Despite creating an entire exhibition around them, Eppink also doesn’t use GIFs much anymore. Like Yang, he used to have a GIF folder, and thinks that today’s easy access libraries have “flattened” their effect. “I find it harder to find a GIF that expresses what I want to express when I’m using those platforms,” he says. Like cyberpsychologist Kaye, he notes that TikTok has normalised sharing videos of ourselves – why select a GIF to show “your reaction when…”, if you can simply turn on your camera and record your actual reaction?

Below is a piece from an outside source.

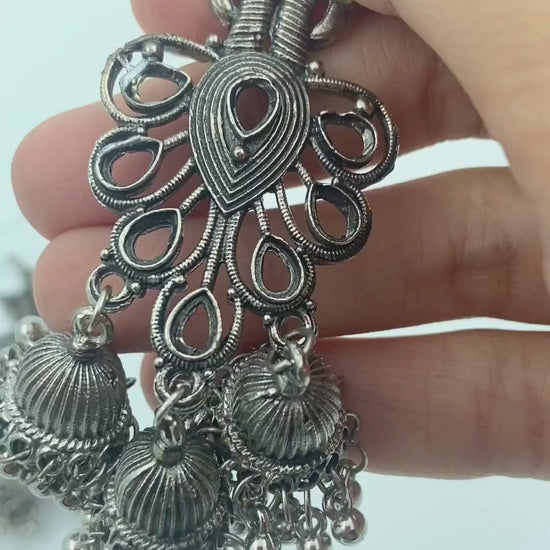 Unleash your inner desi diva with our Tehzeeb earrings! These playfully oxidised danglers bring the perfect edge to your ethnic game. Handcrafted with love and mischief, they're light enough for all-day wear but bold enough to turn heads. Pair with your favorite kurta for casual chai dates or rock them with a saree when you're ready to steal the spotlight at weddings. Who said traditional can't be fun?
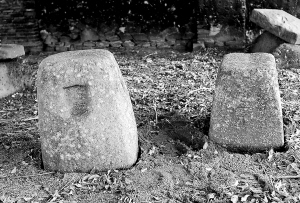 在大榕树下,还有一块枪眼石,上面凿着几个拳头大小的窟窿,便于放枪。据说古时候为了保护家园不受海盗和土匪的侵袭,村民们便在村口建起防御工事。

That’s not to say the GIF is dead. They haven’t disappeared from your family WhatsApp chat, for one, and there are still 21.3 million people subscribed to the subreddit r/gifs, which currently sees 1,467 new comments a day. Academic Phillips theorises that there might be an ironic resurgence in GIF use – much like the deliberately shitty “dank memes” that rose in popularity when memes went mainstream. Perhaps the waxing and waning popularity of the GIF is an ironic mirror of the format itself – destined to repeat endlessly, looping over and over again.